The mainland has been developing satellite positioning expertise since 2000 from a trial network that consists of four geostationary orbit satellites that hover above the nation and its neighbouring countries.
It also has been taking part in the EU's Galileo project since 2004, contributing not only Euro200 million (HK$2.12 billion) but also research and development of some key technology. For Beijing, Galileo offers the chance to gain valuable experience and expertise in space technology as it tries to pursue its independent satellite programme.
China Research Institute of Radiowave Propagation researcher Cao Chong said the Europeans were outraged in late 2006 when they heard the mainland planned to send up 35 global positioning satellites of its own. The Europeans offered to share Galileo's military-grade guiding and positioning services if Beijing cancelled the launch, 'but China refused'.
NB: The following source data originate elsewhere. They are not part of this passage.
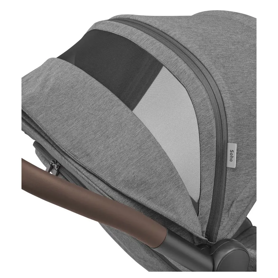 À l'épreuve des villes. Les grandes roues anti-crevaison de Soho et sa suspension aux 4 roues permettent à vous et votre bébé de partir à la conquête de la ville dans un confort total. Que vous couriez pour prendre le train, fassiez les boutiques ou parcouriez la ville pour aller jouer, le siège molletonné souple, et le harnais 5 points assureront un confort maximal pour votre bébé en déplacement, à tout âge. Qu’il s’agisse d’un nouveau-né en position allongée ou d’un tout-petit assis, vous profitez ensemble de la dernière exploration urbaine. Et pour les jours très ensoleillés, le canopy extensible avec pare-soleil de Soho protègera parfaitement votre tout-petit lors de chaque sortie urbaine.
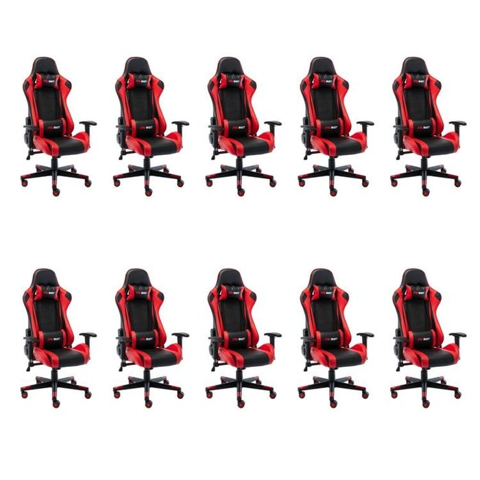 Kit 10 Cadeiras Gamer Giratória One Shot Preto/Vermelho
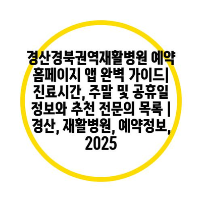 경산경북권역재활병원 예약 홈페이지 앱 완벽 가이드| 진료시간, 주말 및 공휴일 정보와 추천 전문의 목록 | 경산, 재활병원, 예약정보, 2025
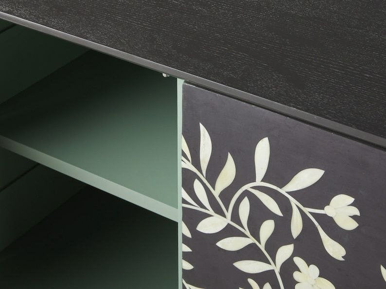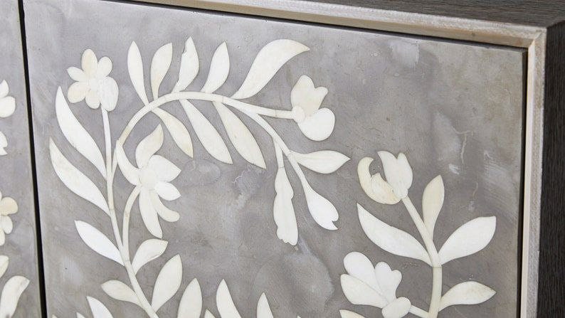 Design: The bone inlay design on the doors adds a touch of elegance and uniqueness to the sideboard. Each piece of bone is delicately cut and placed to create intricate patterns, making it a focal point in any room.
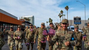 Santa Claus and Mrs. Claus impersonators pose for a photo, Dec. 8, 2023, at Luke Air Force Base, Arizona. Holiday Magic is an annual event with food, games, and holiday cheer for families at Luke AFB. Events like holiday magic contribute to the 56th Fighter Wing’s line of effort to advance quality
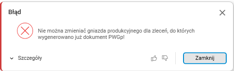 Jeśli operator wskaże gniazdo w nagłówku zlecenia produkcyjnego, a następnie wygeneruje dokument przychodu z produkcji PWGp edycja gniazda w nagłówku zlecenia zostanie zablokowana. Próba edycji tego pola spowoduje wyświetlenie poniższego komunikatu.
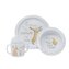 Tato krásná snídaňová sada obsahuje talíř, misku a šálek s víkem, vše vyrobené z odolného melaminového plastu. Každý prvek této sady obsahuje ilustrace a citáty z klasických knih. Firma Rainbow Designs byla založena v roce 1971 mladým podnikatelem Mikem Muttersem. V té době neexistovala značka, která by měla v názvu Rainbow (duha) a proto zvolil toto jméno. Jejich cílem je přinést dětem do života jejich oblíbené postavičky ve fyzické formě plyšáků. Chtějí být nejlepší z nejlepších a jejich hračky jsou vyráběny pod přísnými standardy, také rozvíjí smysly dětí. První licencí Rainbow Designs byli všem známí Disney, vyráběli pro ně módní šperky jako brože, smaltované knoflíky, odznaky, ale také zástěry, batohy a přesky opasků. Po této spolupráci se nabídky jen hrnuly a Rainbow mohli do svého portfólia přidat firmy jako Noddy, The Wombles, Flower Fairies, Mašinka Tomáš a klasického Medvíka Pú. Koncem 70. let vyrobili pod licencí odznaky pro Buckinghamský palác a královnu Alžbětu II. Během roku 1980 až 2010 dále spolupracovali například na medvědovi Paddingtonovi, různých postavičkách Beatrix Potter, Elmerovi a dalších postavičkách ze Sezame, otevři se. V jejich portfóliu najdete i prasátko Peppa, králíčka Petera a další známé postavy.
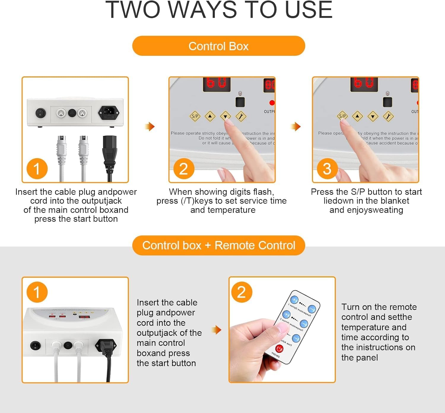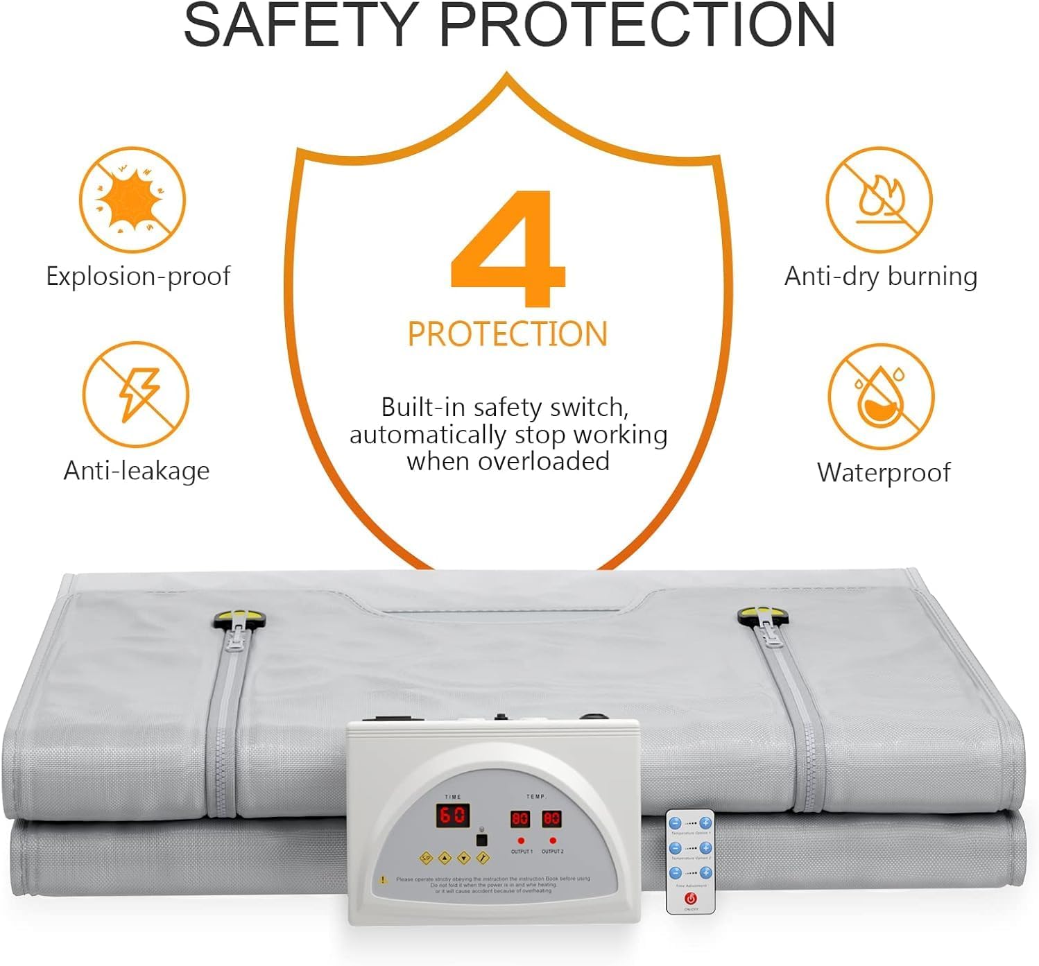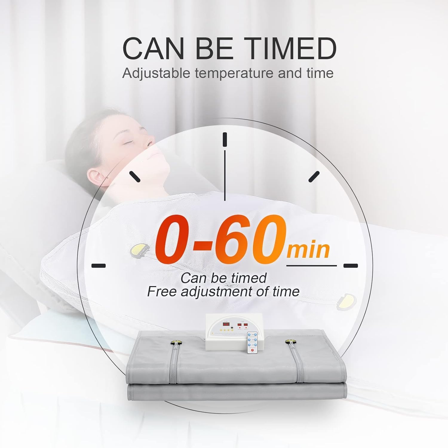 - đăHochwertige Materialienă Die Decke besteht aus umweltfreundlichem und strapazierfĂ€higem Oxford-Stoff, wasserdicht und wĂ€rmeisolierend ohne besonderen Geruch. Der Draht wurde dicker, was höheren Strömen standhalten kann und bei Verwendung sicherer ist. Hochwertiger intelligenter Temperaturregelchip bietet ein hochwertiges Saunaerlebnis. Nicht nur fĂŒr den Heimgebrauch geeignet, sondern auch fĂŒr professionelle Schönheitssalons.

'Today big nations in the world are eager to establish their own navigation guiding systems,' he said. 'And the game's rules change each time a new player comes in.'
The US had been developing GPS since the 1960s, but it did not offer free civilian services until 1992 when Russia announced plans to commercialise Glonass. However, the US also artificially degraded global positioning accuracy available to civilian users until 2000, when the EU declared it would develop Galileo.
'The US promised to offer comprehensive GPS access to EU countries,' Professor Cao said. 'But the Europeans refused partly because of military concerns, partly out of business interests and partly out of pride.
'We are living in an age where more than 60 per cent of information is about time and location. Having your own timing and positioning system is not only a matter of independence; it is also a matter of influence and dominance.'
He estimates there are 49 functioning global navigation satellites aloft today - 30 GPS, 17 Glonass, one Galileo and one Compass. Within a decade, there will be more than 100 such satellites circling above.
'These systems are very similar in terms of precision and functionalities; even their communication frequencies overlap ... 60 [satellites] will be more than we need,' he said.
Professor Cao said it was unlikely that a fifth system would join in because the frequency resources allocated by the International Telecommunication Union for satellite positioning communications already had been taken up by the four players.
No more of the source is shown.